I have learned then.. that..
I have a difficulty at
deciding about fixtures..

I had of course something on my mind.. but this was not in the shops..
=)
it was quite similar to this one..


one day on the way to my maother-in-law's house for a dinner party..
I exclaimed .. I like this..
poor husband-to-be.. braked.. parked..
and ran to the shop..

he came back empty handed..
it was a family heirloom of the shop owner.. and was not for sale =(..
he told everyone.. saying SHE liked one lamp.. but it wasn't for sale.. =P..

years went by.. the house was complete..
we even changed some of the furniture but still didn't have any decent lamp..
we only had spotlights at the ceiling..
then one day my DH came with two sidelamps.. very similar to the one I wanted.. the lamp base was a reproduction..
but the glass was french opaline..
I liked them very much.. and cherished them.. as my first REALlamps..

one day coming back home from work.. to see that..
my son.. who was 10 yrs old at that time..
and many times warned about"not to play football in the living room"..
had broken one of the glass of my lamps..

I told him how they were precious for me..
warned him again about being careful about the rules of the house..
and told him I would try to find a similar glass and if I could..
I would make him pay from his pocket money..
there is a great building in town ..
all the locataires are antique dealers.. the horhor antikacılar çarşısı..
I went there the weekend, and I was lucky to find one very similar..
that fitted in the base..

a few weeks later..
I came home .. to find my boy .. handing me proudly a bunch of money..
"what are these for??" I asked..
"I have broken the other lamp" he answered..

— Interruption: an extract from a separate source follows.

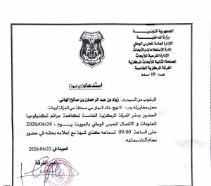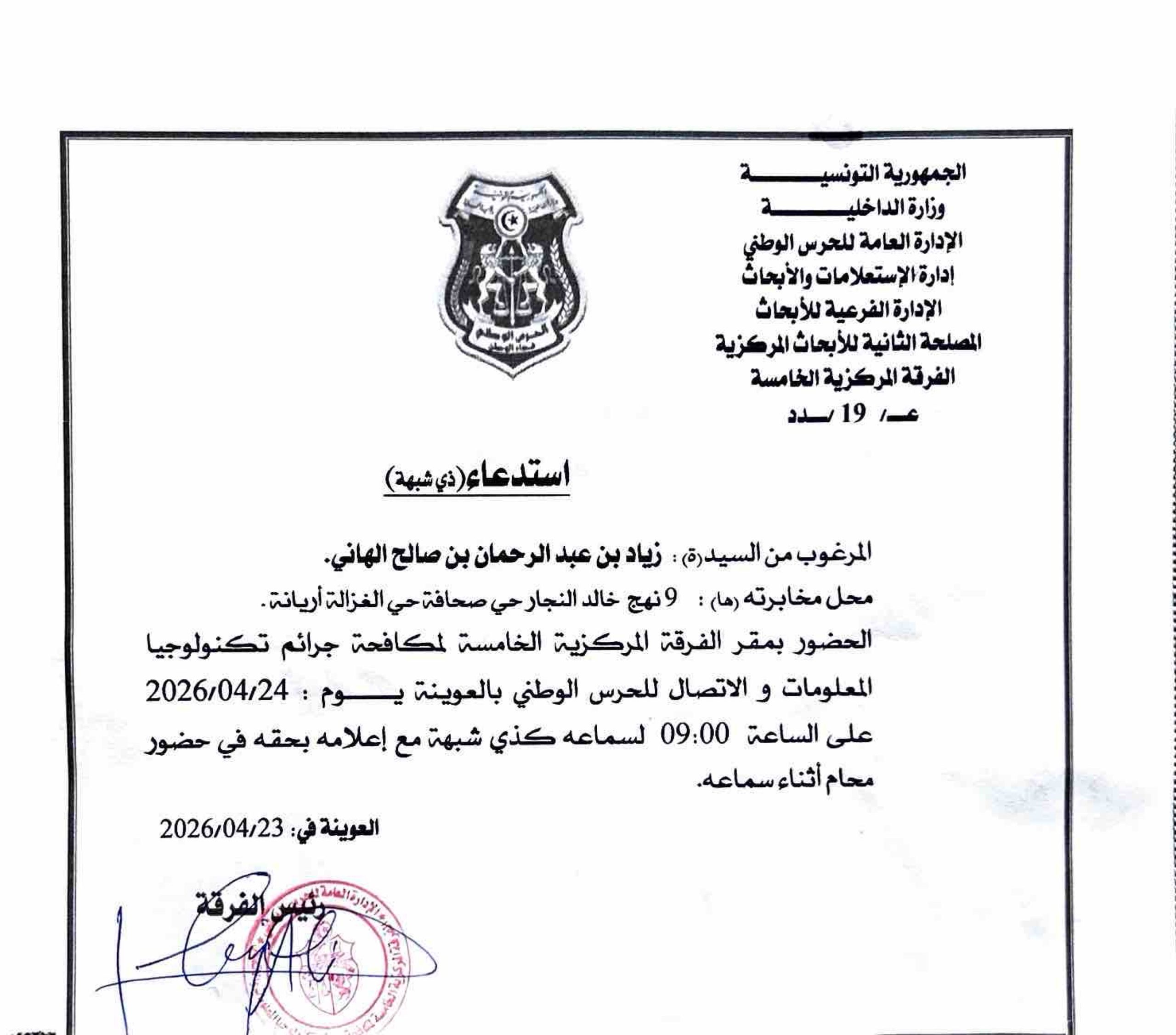 استدعاء لدى الفرقة المركزية الخامسة لمكافحة جرائم تكنولوجيا المعلومات والاتصال للحرس الوطني بالعوينة، بصفة ذي شبهة.

he took his lesson.. as I pay.. so I can break..

well of course we talked over..
found another opaline shade this time having more difficulty in spotting one..
the anticaires told me that a hotel owner came and took all the opaline for the new hotel he was decorating..
I was leaving empty handed.. when a lady shop-owner told me she has only one.. a pinkish opaline..
if I accept.. it fitted the base.. but they were no more a pair..

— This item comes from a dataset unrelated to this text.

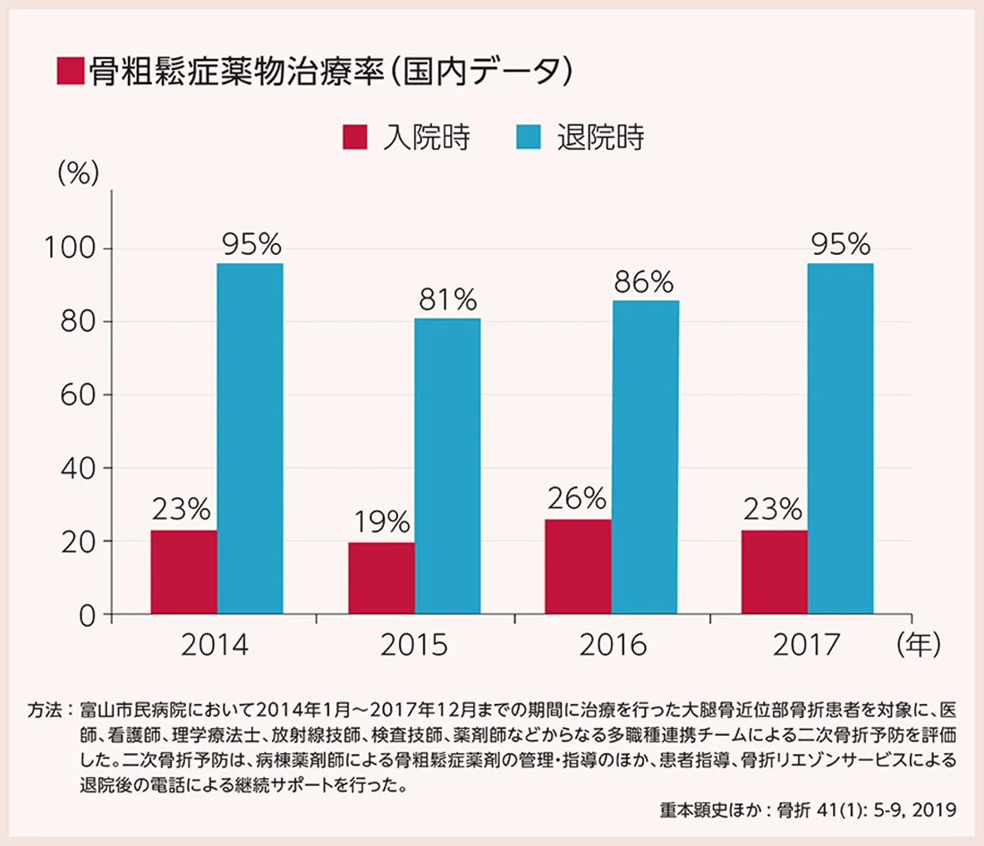 富山市民病院で大腿骨近位部骨折患者を対象に、多職種連携チームによる二次性骨折予防を評価したところ、入院時の骨粗鬆症の治療率は平均23%でしたが、退院時では平均89%と、高い治療率でした。

what reminded me all these this morning..
is that..
I went in my dressing room today morning.. to get prepared to go to work..
and the lamp hanging in thşs room was broken..
this lampshade is special..
because it came from my mother's house..
she liked it so much..
and mee too..

there were no spills on the carpet..
I asked my daughter she didn't do it..
I asked the help.. she said she didn't know..
I even asked my DH..who said he doesn't have any ideas..
the only person I didn't ask is my son..
who now is 18..
I don't know if I should ask ..

what made me very sad is that ..
whoever broke it.. didn't tell me by his own..
did he or she think I don't notice anything..

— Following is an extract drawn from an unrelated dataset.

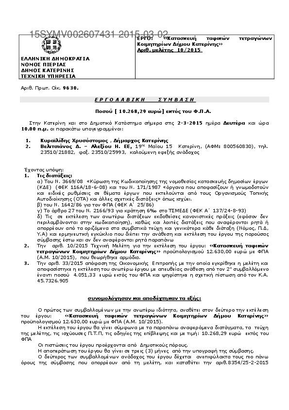 8. Διακήρυξη Εργασίας «Ναυαγοσωστικής κάλυψης ακτών Δήμου Κατερίνης» (αριθ. μελέτης 6/2015)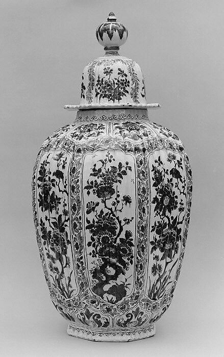 The shape and decoration are modeled after imported Chinese porcelains. Large Dutch vases and their Chinese prototypes were admired in England and remained part of formal interior furnishings for over a century.

I have decided to write two separate letters..
to my kids..
telling them why.. objects are precious to us..
and about the soul of the objects..
but I am not sure..

when I had visitied the glass ship wreck exhibition of the museum of bodrum..
I had looked at all these intact glasses..
which lied under deep water.. for thousand year.. and of the craftsman who made them..
and started to think about my mother ..
whom I lost the same year..
I understood that there is an important relation between mankind and glass..
a philosophy I resumed..
what can be the value of the left behind objectss.. when people who made..owned.. and cherished them are already gone..
the answer is ....nothing..

so in order not to break the heart of my kids..
for the lamp of my mum..
I write here.. how I feel..
just to comfort myself..

sorry mom..
we don't have a pink opaline any more..
but even without it.. you are always in my heart..

3 comments:

Ece said...

Now I understood what you ment yesterday on your Turkish blog.
So sad, but it's true..even without it, she'll be always in your heart.
Hoping that you'll find the same one in very near future.
Regards dear
Ece

Anonymous said...

A bittersweet story shared.

Some keepsakes can never be replaces.

burdasaklaniyorum said...

eşyaların benim için de değeri çoktur. bu duygudan sıyrılmayı denedim bazen. yaşamak daha kolay olsun diye. zira hem canlılar, hem cansızlar kalbini doldurunca bazen gerçekten yorucu oluyor. ama olmadı.
bir de 18'liğin yaptığı şey bana bi fıkra hatırlattı da güldüm.
bir arap şeyhi başka bir ülkeye, başka bir şehre gidiyor yanında uşağıyla ilk kez.
e insan hali, tuvalet ihtiyacı duyuyor.
ama nereye gitsin, nerden bulsun bilemiyor.
hem kendi sıkışık, hem uşak.
sonunda diyor ki uşağına
sen şöyle önümde dur da ben şu duvar dibine halledeyim.
ama şanssızlık bir polis görüp geliyor ve ceza kesiyor işte diyelim ki 50 dolar.
şeyh 100 dolar uzatıyor polise, açıklıyor:
uşak da yapacak!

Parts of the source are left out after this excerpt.